# Your goal
Could you retype the lines below, starting at the line holding "2. 同色の直線で示された1対の対角線の布の両端を合わせる" and stopping at the line holding "Everything you needed", inclusive? Copy them exactly and drop the images.

# Data shown
────
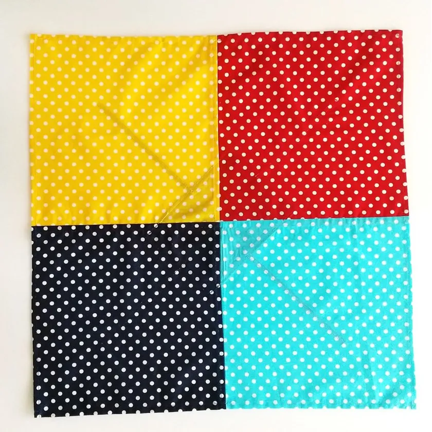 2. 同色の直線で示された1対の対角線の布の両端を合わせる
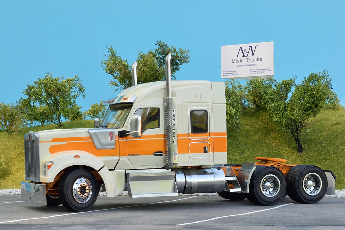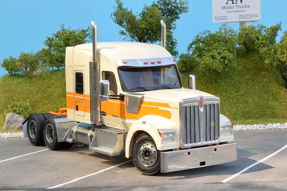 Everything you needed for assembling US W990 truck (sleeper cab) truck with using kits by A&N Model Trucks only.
────
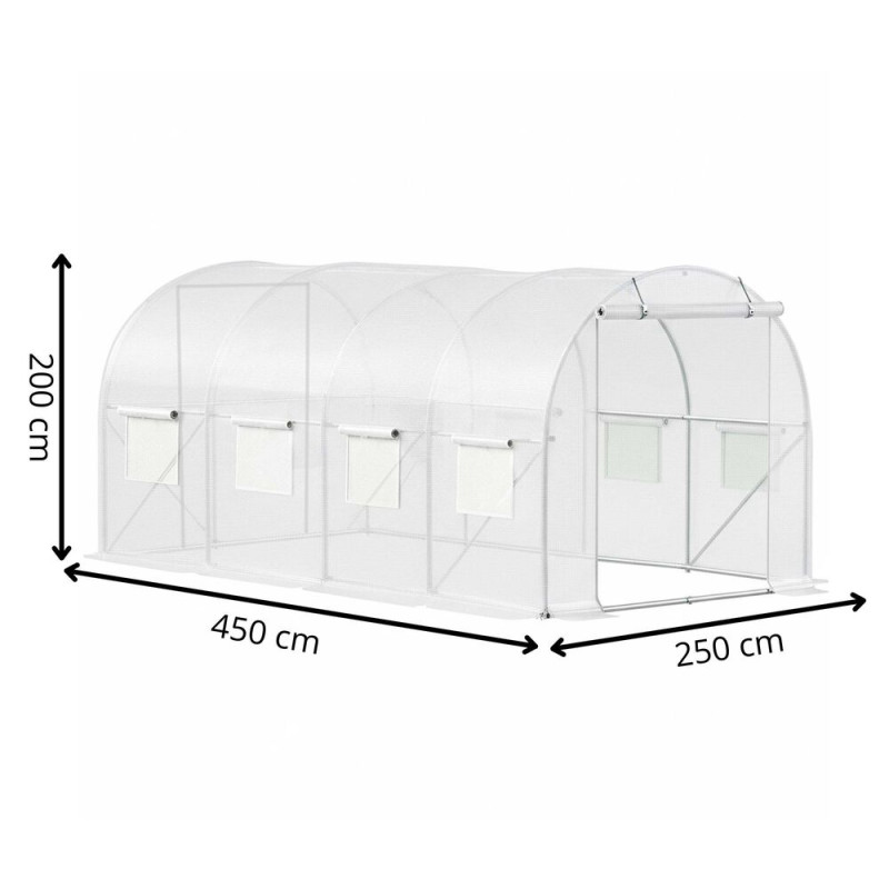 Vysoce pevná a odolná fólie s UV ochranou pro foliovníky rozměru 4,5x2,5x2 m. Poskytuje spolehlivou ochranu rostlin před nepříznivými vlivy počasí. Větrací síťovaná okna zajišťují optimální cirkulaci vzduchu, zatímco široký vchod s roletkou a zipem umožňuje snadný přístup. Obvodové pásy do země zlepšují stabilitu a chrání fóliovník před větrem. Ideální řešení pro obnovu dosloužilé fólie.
────
# Written response
 2. 同色の直線で示された1対の対角線の布の両端を合わせる
 Everything you needed for assembling US W990 truck (sleeper cab) truck with using kits by A&N Model Trucks only.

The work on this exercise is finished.